Increased participation from industrial workers in Pride activities points to a cultural diffusion that extends beyond corporate offices. While the full depth of this engagement can be difficult to gauge from external perspectives, the growing involvement suggests that change is taking root across different segments of the workforce.
Accountability questions
Many organisations struggle with DEI execution rather than intention, particularly around accountability mechanisms. Volvo has established leadership training, recognition programmes, and regular pulse surveys to track progress, while senior management participation in Pride events signals visible commitment from the top.
The involvement of Volvo’s CEO and other senior leaders in diversity initiatives sends important cultural messages, creating what Nair calls a “multiplier effect” that demonstrates allyship as a leadership priority rather than an HR function. This visible commitment helps establish cultural expectations, though the effectiveness of such symbolic gestures ultimately depends on consistent follow-through in day-to-day management decisions.
The company’s measurement approach combines quantitative metrics with qualitative indicators—pulse surveys alongside personal story-sharing. This dual method acknowledges the inherent difficulty in tracking cultural change, where participation data captures engagement but not necessarily authentic transformation, while personal narratives provide compelling evidence but resist scaling into systematic assessment.
Sustaining momentum
Looking ahead, Nair describes plans to embed equity and belonging throughout all organisational levels, from factory floors to senior leadership. This includes expanding employee resource groups, scaling leadership training, and using data for more targeted interventions.
The comprehensive approach sounds promising, though sustainability challenges persist across the corporate world. DEI initiatives often struggle during economic downturns when training budgets face pressure, while management changes can shift organisational priorities. Volvo’s integration of inclusion into business strategy rather than treating it as a separate programme may provide some protection against such fluctuations, though this remains to be tested over longer time horizons.
The company operates within broader social and regulatory contexts that may not always support its inclusion goals. While organisations can push boundaries within their own operations, they cannot single-handedly transform societal attitudes that affect employees’ lives outside work—a limitation that even the most committed corporate programmes must acknowledge.
Volvo’s DEI journey illustrates the possibilities of corporate inclusion efforts in complex cultural contexts.
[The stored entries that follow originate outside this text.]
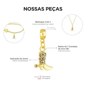 MODELO: Berloque de bota de cowboy country banhada com 7 milésimos de ouro 18k.
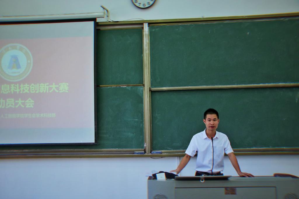 随后,电子信息类比赛指导老师代表刘文财老师上台发言,他首先向同学们解析了电子信息类的比赛事宜,并表明了自己的观点。他指出,在人工智能、区块链技术盛行的今天,学生们应该积极参加信息科技创新比赛,从而积累经验,更好的向省级大赛、国家大赛发起挑战。
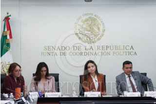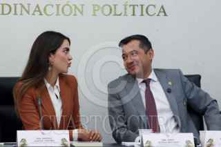 CIUDAD DE MÉXICO 25JUNIO2025.- Cecilia Guadiana, Andrea Chávez, senadoras por Morena y Luis Silva, senador por el PVE, durante la reunión de comisiones de Bienestar y de Estudios Legislativos en el Senado de la República. FOTO:ROGELIO MORALES /CUARTOSCURO.COM
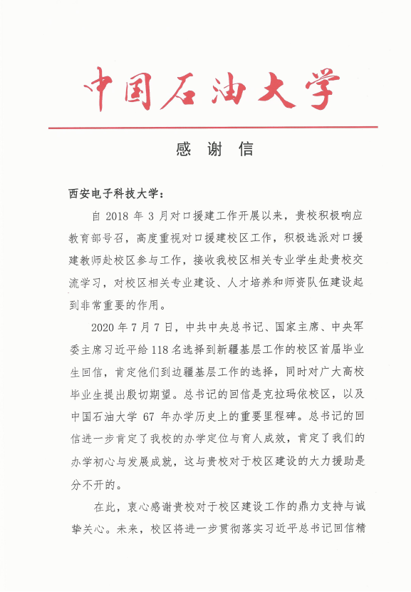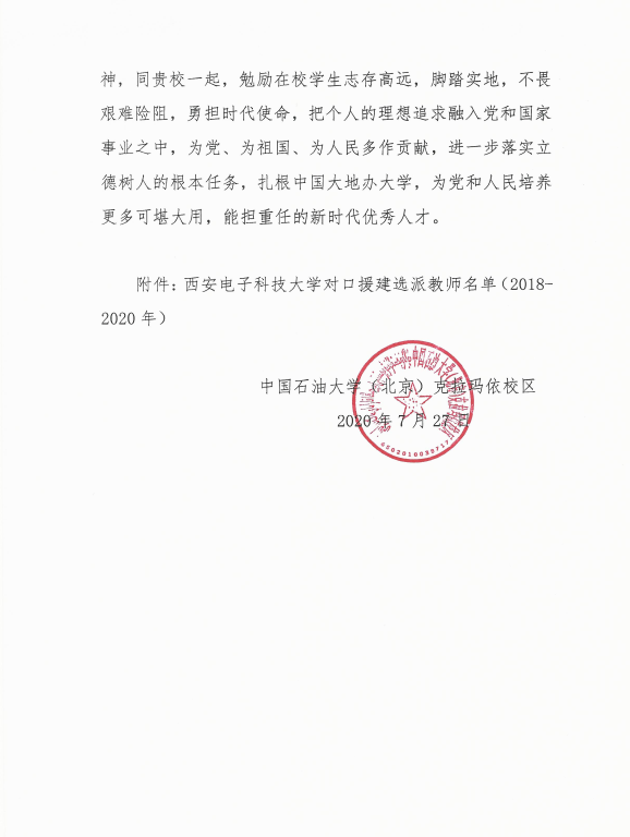(通讯员 陈龙)为响应教育部号召,对口援建中国石油大学(北京)克拉玛依分校,2018年9月,BB贝博艾弗森选派教学科研经验丰富的牛海军教授前往中国石油大学(北京)克拉玛依分校援建三年,牛海军教授勇于担当、甘于奉献,在援建期间,工作兢兢业业、任劳任怨、无私奉献,开展了大量卓有成效的工作,得到了公司领导、同事和员工们的认可。中国石油大学(北京)克拉玛依分校为表达感谢,专门致电公司,对公司及牛海军教授表示感谢。

The company has moved well beyond symbolic gestures, embedding systematic cultural change through clear policies, active employee networks, and visible leadership commitment that reflect genuine intent rather than mere compliance.
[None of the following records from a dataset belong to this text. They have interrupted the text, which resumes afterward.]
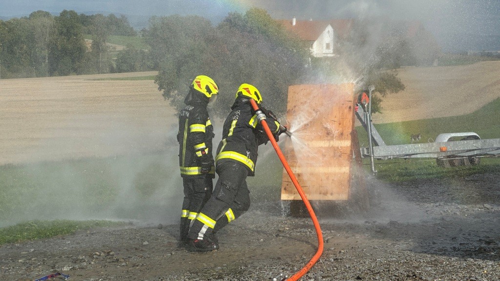 Aufgrund der exponierten Lage des Übungsobjekts musste die Wasserversorgung aus zwei unterschiedlichen Richtungen über eine Strecke von fast einem Kilometer mit ca. 50 Höhenmetern sichergestellt werden. Zur Übung wurden unter anderem auch die Drehleiter aus Schärding, mehrere Tank- und Rüstwägen der umliegenden Feuerwehren sowie etliche weitere Feuerwehrkameraden mit Atemschutz alarmiert. Um in der Anfangsphase (Chaosphase) und bis die Wasserversorgung über die Zubringleitungen sichergestellt werden konnte, genügend Wasser für die Löscharbeiten vorrätig zu haben, wurde mit Tankfahrzeugen ein Pendelverkehr eingerichtet.
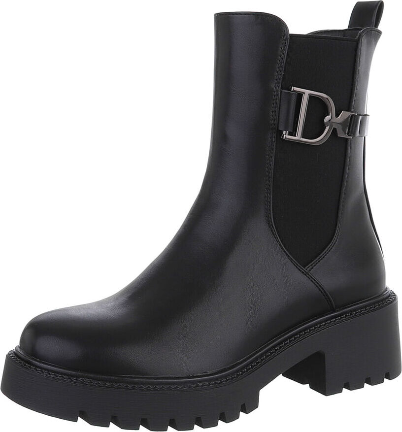 Ital-Design Damen Chelsea Freizeit Plateaustiefelette (87451944) Blockabsatz Stiefeletten in Schwarz
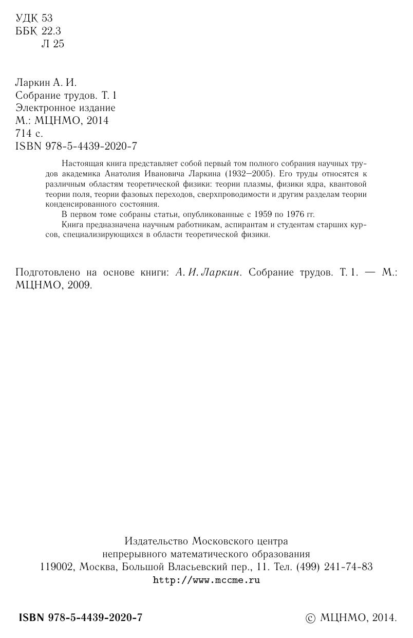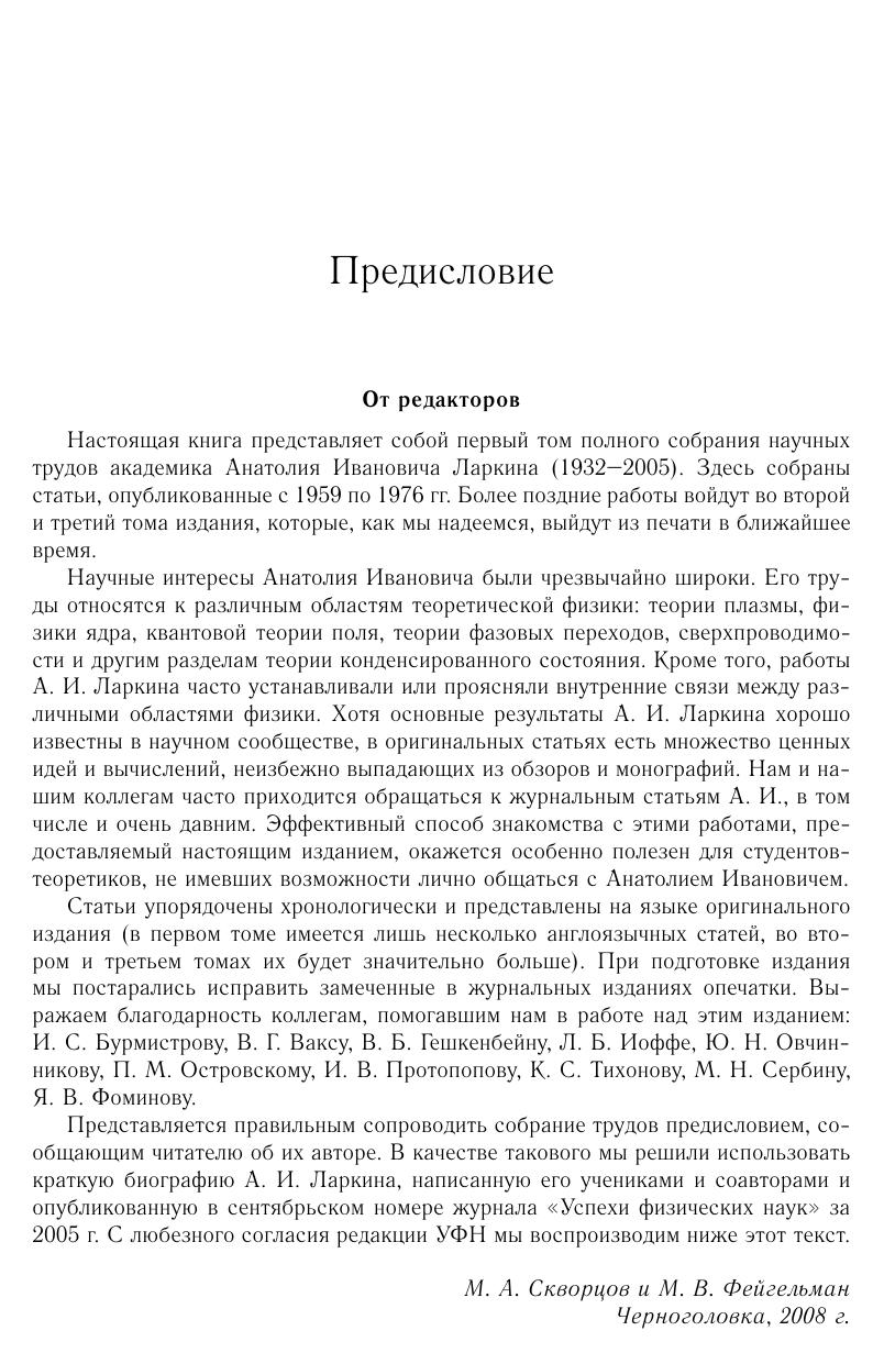 Настоящая книга представляет собой первый том полного собрания научных трудов академика Анатолия Ивановича Ларкина (1932–2005). Его труды относятся к различным областям теоретической физики: теории плазмы, физики ядра, квантовой теории поля, теории фазовых переходов, сверхпроводимости и другим разделам теории конденсированного состояния. В первом томе собраны статьи, опубликованные с 1959 по 1976 гг. Книга предназначена научным работникам, аспирантам и студентам старших курсов, специализирующихся в области теоретической физики.

Yet significant questions remain about measurement, sustainability, and real-world impact beyond corporate offices. The ultimate test will be whether employees at all levels—from engineers to assembly line workers—continue to experience genuine belonging rather than performative inclusion.
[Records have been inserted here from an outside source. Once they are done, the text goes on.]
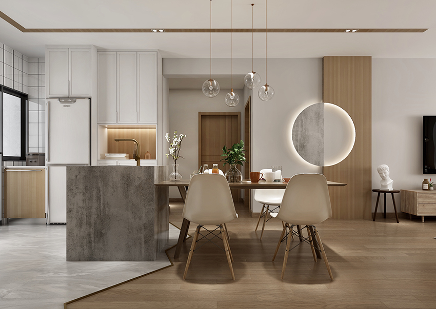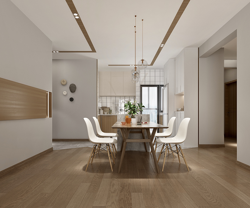 純凈的白遇上純粹的原木,像山間溫柔的風(fēng),似林中斑駁的影,閉上眼,仿佛回到了小時(shí)候赤腳奔跑的場(chǎng)景,腳底下原木溫厚的質(zhì)感,讓人踏實(shí)又安心。
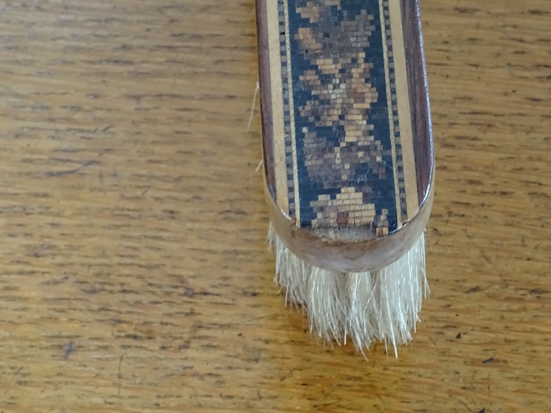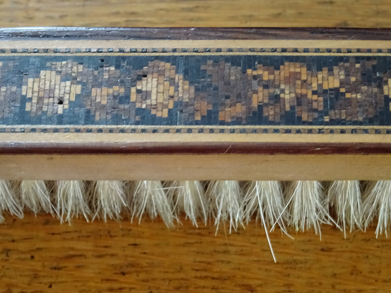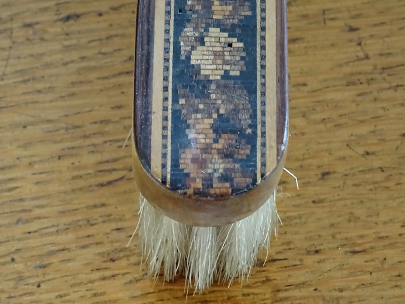 Here is a 19th. century Tunbridge ware clothes brush with inlaid marquetry flowers, measures 7.5 inches.
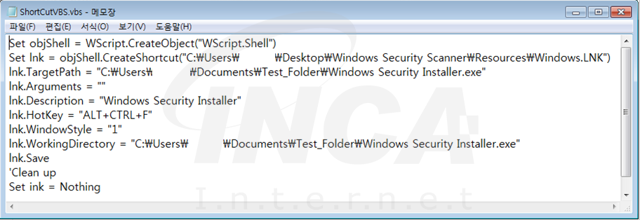“ShortCutVBS.exe” 는 ‘%Documents%’ 경로 ‘Test_Folder’ 에 랜섬웨어 바로가기 링크 생성 시도하지만 경로에 차이가 있어 실패한다.
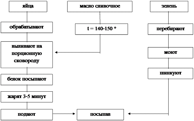 Жарят яичницу глазунью на порционной сковороде 3 – 5 мин, пока белок не свернется, а желток не станет полужидким. Солью солят только белок, желток можно посыпать молотым перцем. Зелень перебирают, моют, мелко шинкуют. Температура подачи блюда 60 – 65 ºС |
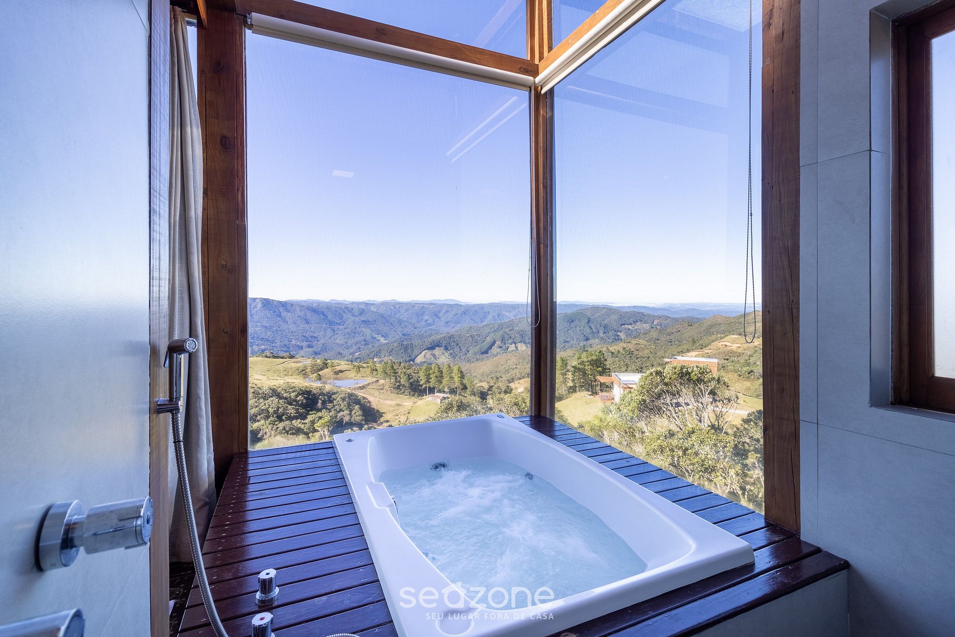 - Jacuzzi particular con hidromassagem y teto de vidrio y janelas panorâmicas;

In a corporate landscape where DEI initiatives often risk becoming exercises in reputation management, Volvo’s efforts represent a more serious attempt to align business strategy with social values. Whether this alignment endures through changing business conditions and evolving social contexts remains to be seen, but the company’s willingness to extend inclusion efforts beyond comfortable corporate environments suggests recognition that meaningful change requires sustained commitment across all organisational levels.